DIRECTIONS »
Your task is to transcribe exactly, and only, the lines running from the one with "如何推进思政课程与课程思政同" to the end of the listing below, inclusive, with every picture left out.

THE DATA »
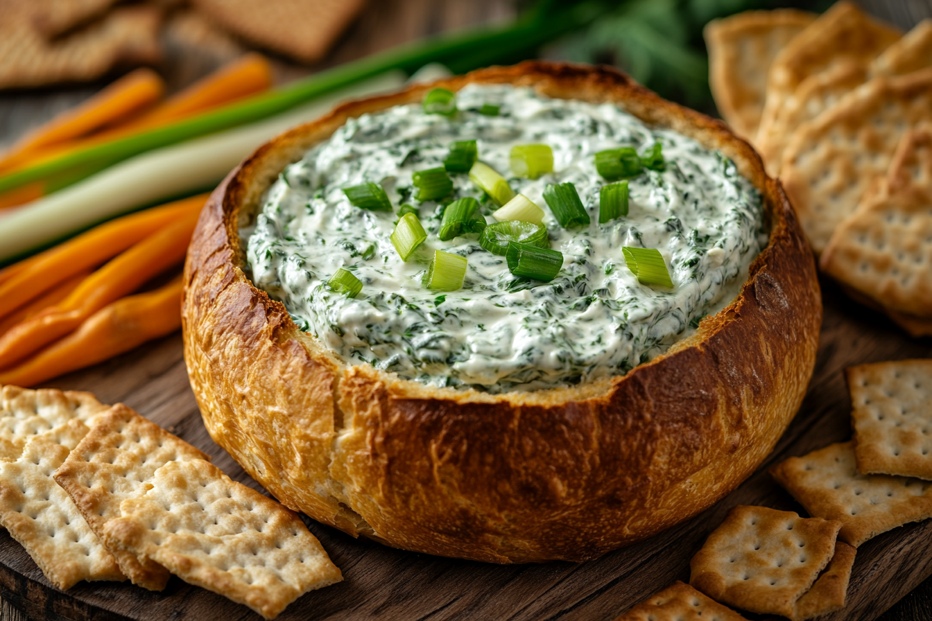 Knorr’s Spinach Dip is a cold, creamy dip made with Knorr Vegetable Recipe Mix, sour cream, mayonnaise, and chopped spinach. It’s known for its smooth, savory taste with a slight crunch from water chestnuts and green onions. This dip is often served in a bread bowl, alongside crackers or fresh vegetables, making it a versatile and delicious appetizer.
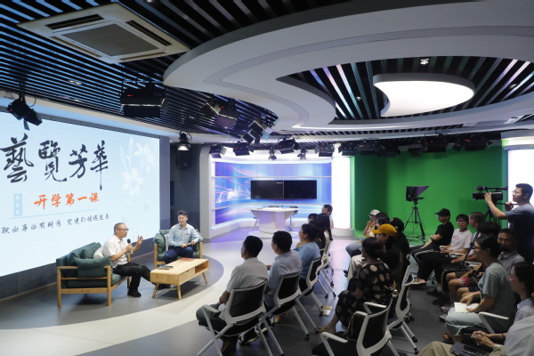 如何推进思政课程与课程思政同向同行,学院以“开学第一课”课程为试点,对思政课的教学方式进行了全面改革:采取“翻转课堂”模式,把传统的课堂授课改为访谈式节目,听众是学院全体教师和22级摄影专业的学生。黄炎培职业教育杰出教师奖获得者、艺术设计学院党总支书记许金友是这堂“思政课”的发起人,他也是节目的导演和特邀嘉宾。在现场,他结合自己的工作、生活经历,与师生们畅谈职业教育和党建工作的心得体会。节目组现场连线行业专家、学生和家长代表,围绕产教融合、热点话题、政策解读、就业指导、大学生活等方面谈想法、提问题、抓落实,嘉宾们观点碰撞、分享感受、金句频出,为在场师生呈现出一场思想的饕餮盛宴,也为新学年的教师工作开展提供了“新思路”,注入了“新动能”。青年教师雷雨田在课后直言,这样的形式比起传统的会议更加新颖,心态更轻松,个人的启发和收获良多。
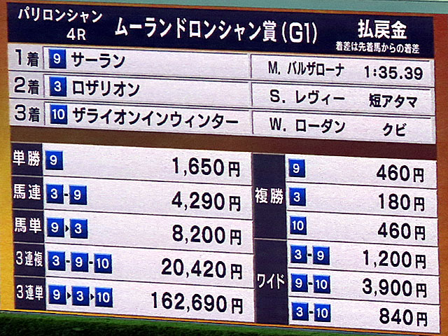 ![]() 前走、ジャックルマロワ賞で5着に健闘していましたが、今回は11着と残念な結果に… 勝ったのは仏国馬サーラン。
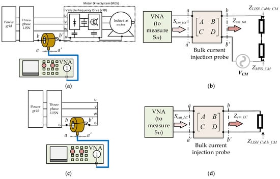 Setups to determine CM equivalent circuit: (a,b) in the presence and (c,d) in the absence of the motor drive system.

RESPONSE »
 如何推进思政课程与课程思政同向同行,学院以“开学第一课”课程为试点,对思政课的教学方式进行了全面改革:采取“翻转课堂”模式,把传统的课堂授课改为访谈式节目,听众是学院全体教师和22级摄影专业的学生。黄炎培职业教育杰出教师奖获得者、艺术设计学院党总支书记许金友是这堂“思政课”的发起人,他也是节目的导演和特邀嘉宾。在现场,他结合自己的工作、生活经历,与师生们畅谈职业教育和党建工作的心得体会。节目组现场连线行业专家、学生和家长代表,围绕产教融合、热点话题、政策解读、就业指导、大学生活等方面谈想法、提问题、抓落实,嘉宾们观点碰撞、分享感受、金句频出,为在场师生呈现出一场思想的饕餮盛宴,也为新学年的教师工作开展提供了“新思路”,注入了“新动能”。青年教师雷雨田在课后直言,这样的形式比起传统的会议更加新颖,心态更轻松,个人的启发和收获良多。
 ![]() 前走、ジャックルマロワ賞で5着に健闘していましたが、今回は11着と残念な結果に… 勝ったのは仏国馬サーラン。
 Setups to determine CM equivalent circuit: (a,b) in the presence and (c,d) in the absence of the motor drive system.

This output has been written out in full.